Listening to Mishra, his passion for teaching is visible: he beams as he fondly speaks of his students. He says that he admires their curious minds and their questioning, as well as their developing imagination as they dance. “Their curiosity has led me to see the many possibilities out there. There are things I’m not sure that I can do. [My students] are using this dance medium in a different way, looking for something new; this is something I want to learn, take on in my own capacity, using my traditional experience,” he says frankly.

“I am learning to keep myself open so that I can see what others are doing and can appreciate,” Mishra adds.
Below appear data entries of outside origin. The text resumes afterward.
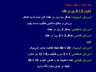 آئروبیک: 20 تا 30 دقیقه نرمش آئروبیک مداوم. توجه: نشان داده شده است که فعالیت های متوسط در طی روز اثرات چشمگیری را برای سلامتی به همراه دارد.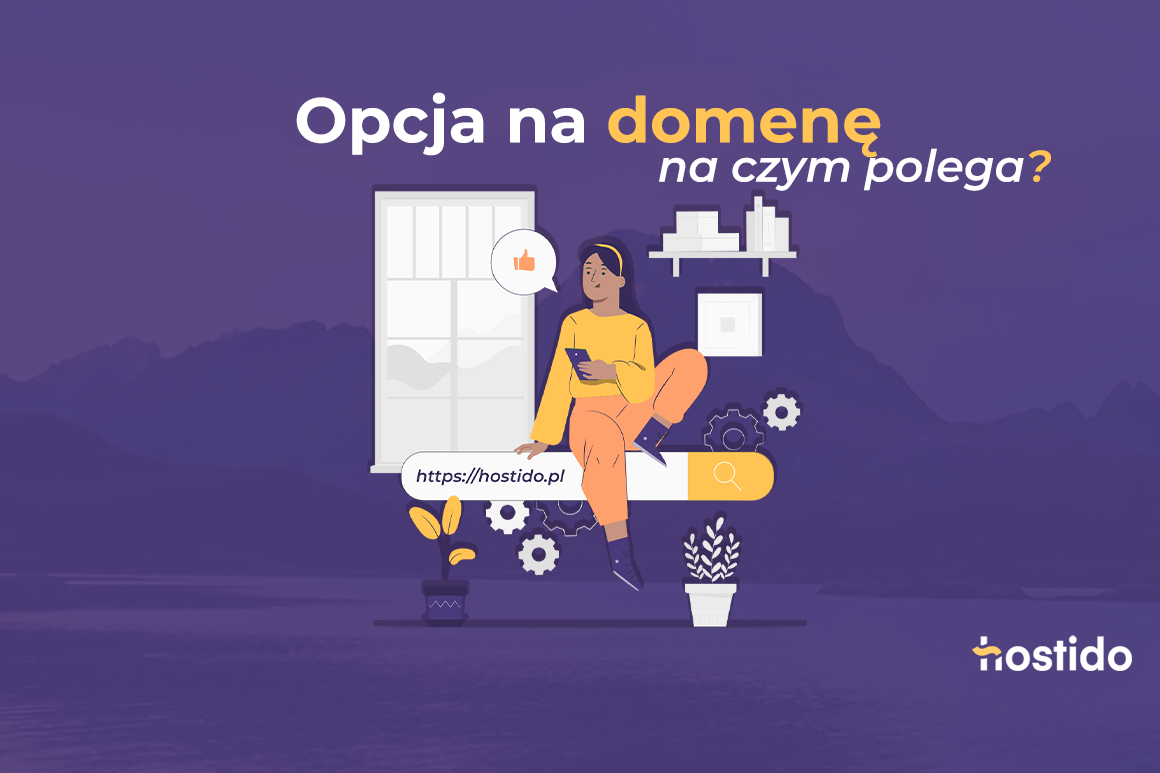 Ilustracja: opcja na domenę – na czym polega? z ikoną wyszukiwania i adresem hostido.pl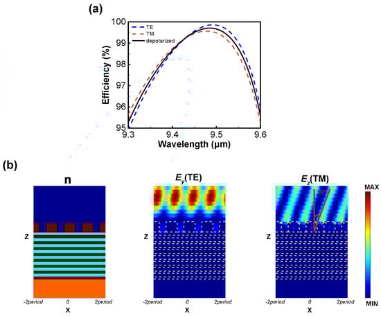Simulation results of the designed metasurface. (a) Efficiency curve of the metasurface operating from 9.3 µm to 9.6 µm. (b) Electric field distribution profile for four periods under TE incidence (Ey) and TM incidence (Ez). From left to right are the refractive index distribution plot of the structure, the y-component of the electric field under TE incidence, and the z-component of the electric field under TM incidence.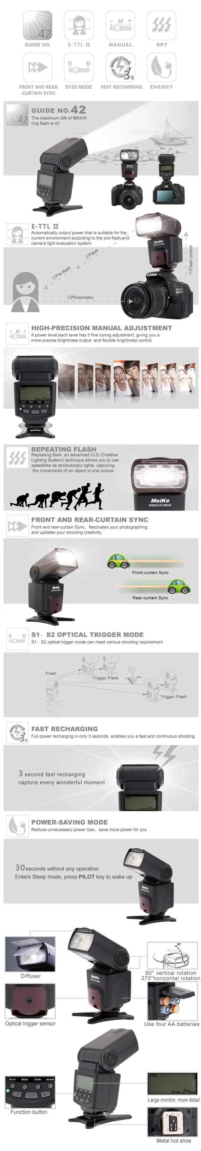 Meike MK430 TTL LCD Flash Speedlite for Canon 60D 70D 77D 80D 450D 550D 600D 1100D T7i T6i T6S T6 T5i  T5 T4i T3i T2i SL2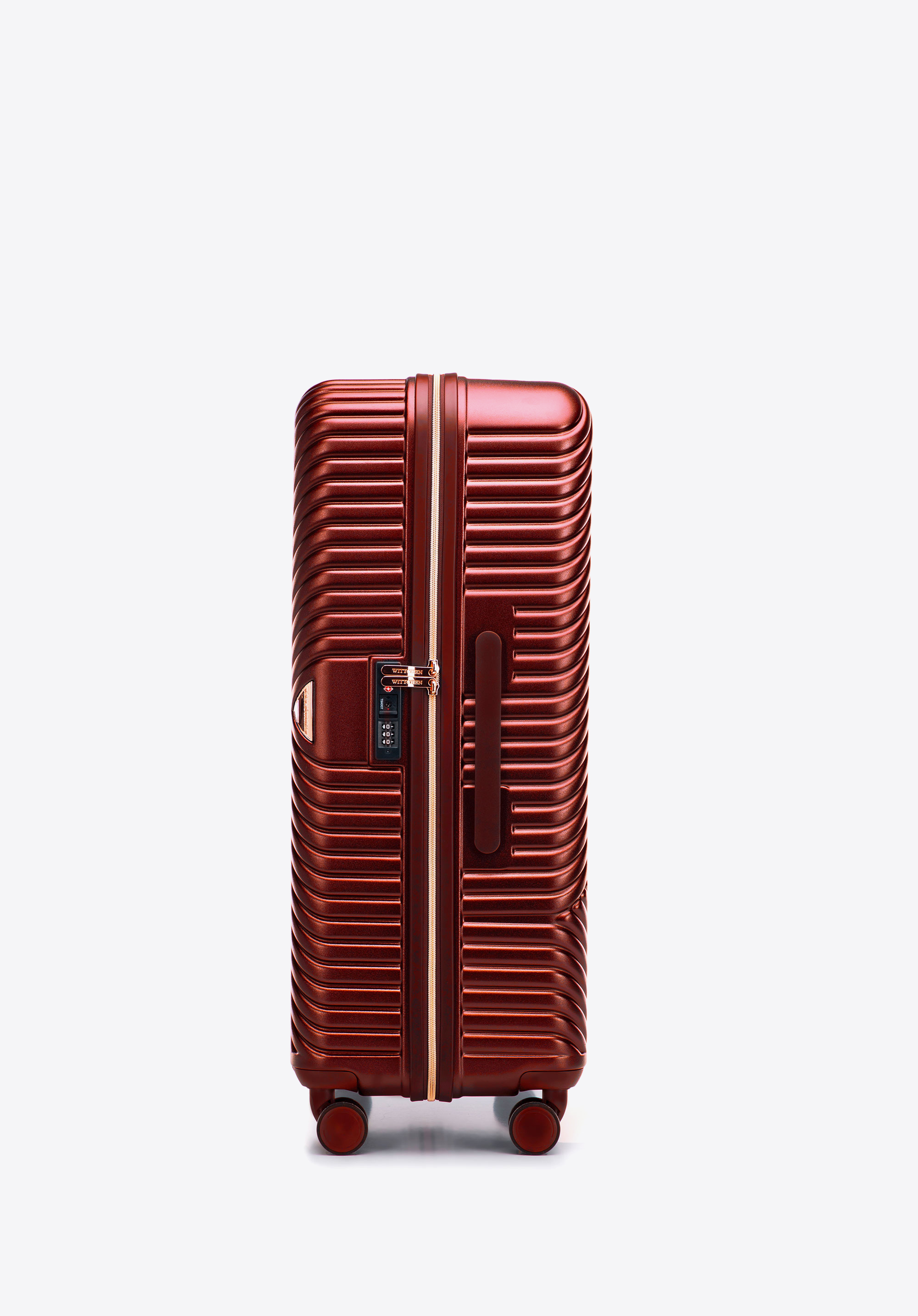 - Interior valizei: Compartiment principal cu curele de fixare; compartiment cu fermoar; două buzunare din plasă și un buzunar suplimentar cu fermoar – toate finisate cu o căptușeală bej cu sigla WITTCHEN.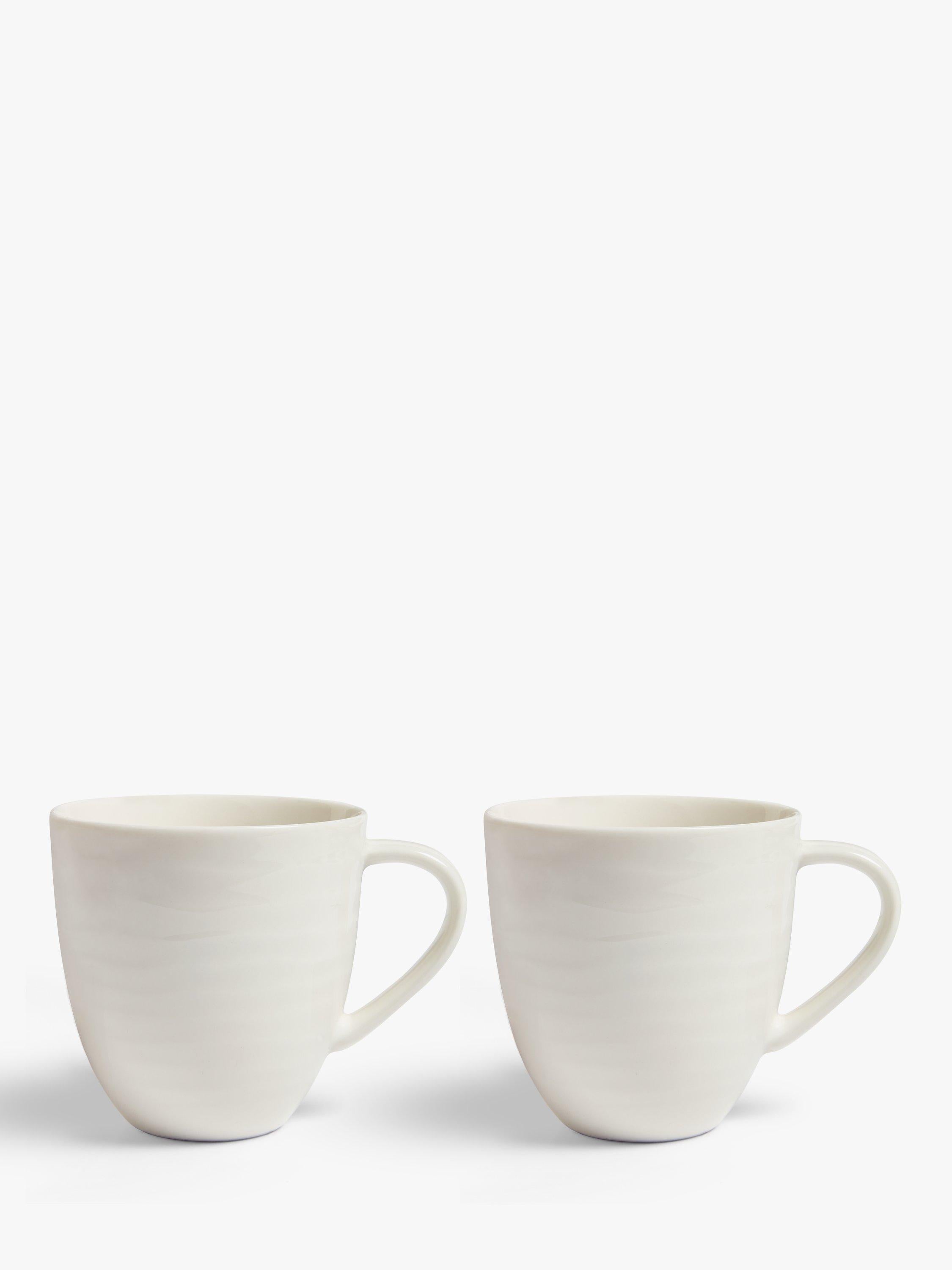 This John Lewis Wave set provides two fine china mugs, each measuring 320ml, perfect for your daily hot drinks. The sophisticated design showcases a pattern inspired by the subtle ripples left on sand by gentle ocean waves. These durable pieces are safe for everyday use in both the dishwasher and microwave.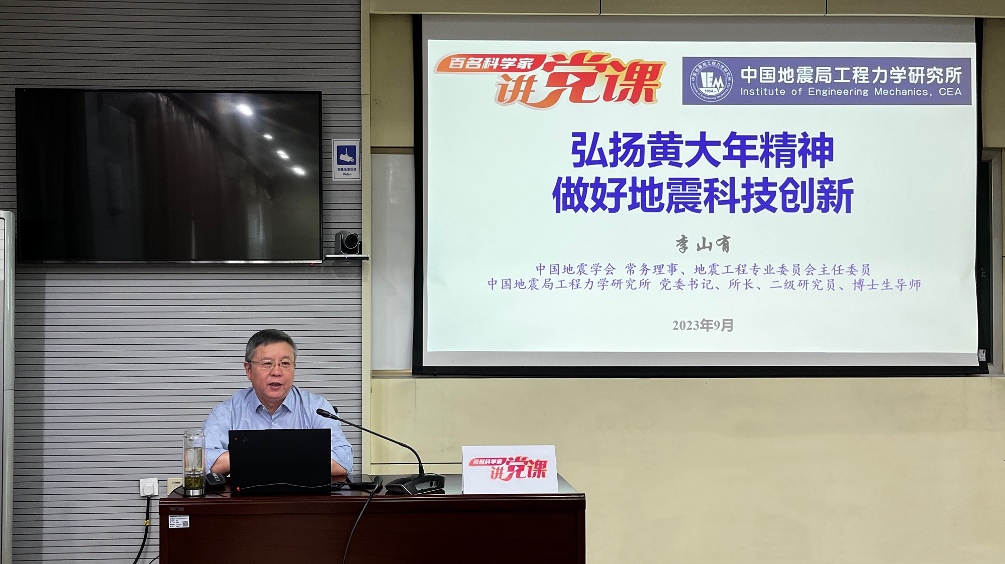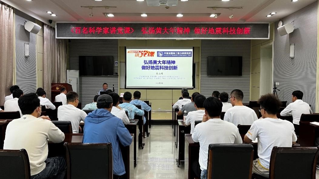 發布時間: 2023-09-15 點擊數量:11029為有效發揮中國科協黨校全國學會分校政治引領“主陣地”、黨性錘煉“大熔爐”作用,中國科協科技社團黨委組織開展了“百名科學家講黨課”活動。受中國地震學會邀請,9月14日,中國地震學會常務理事、地震工程專業委員會主任委員,我所黨委書記、所長李山有同志以《弘揚黃大年精神 做好地震科技創新》為題為所辦計財黨支部、工程地震研究中心黨支部及碩士研究生第二黨支部講授專題黨課。

This openness is something he learnt from his guru Srimiti Urmilla, which he is realising more these days, to accept and not to keep away. When he switched gharanas due to a fellowship she welcomed his previous training by encouraging him to apply what he had learnt rather than questioning how a different style could better serve him. He has always admired how she has been led by her principles and seeing the same honesty and openness in her dance.

From Pandit Birju Maharaj, Mishra says he learnt that the key factor in teaching is dhristhi (focus). Maharaj also said to him: “understand what you give someone, understand their capacity. Don’t make dance so difficult that people will run away from you. Give them something they can continue with,” he softly voices.

His own advice to his students is: “Keep working hard in the area you are confident in. You have to believe, and recognise what you want. Believe in yourself, in the person you are.”

As for Mishra’s own aspirations, he has two: to take the dance that has developed him to other places in the capacity he can; and to give recognition to his late father Pandit Gama Maharaj’s artistic legacy which he says was short-lived due to paralysis. “I want to do something for my family. Whatever I do as an individual I also have responsibilities as a human, as a family man, as teacher … it’s not just about performing, but when I do perform, every thought and feeling I have ever experienced is in my dance,” Mishra muses. 

Aside from that he just wants to keep on doing what he does, or as he puts it: “I want to dance and dance,” pointing both of his hands to himself, Mishra adds: “I want to let the inner energy out, let go, move about, that’s all.”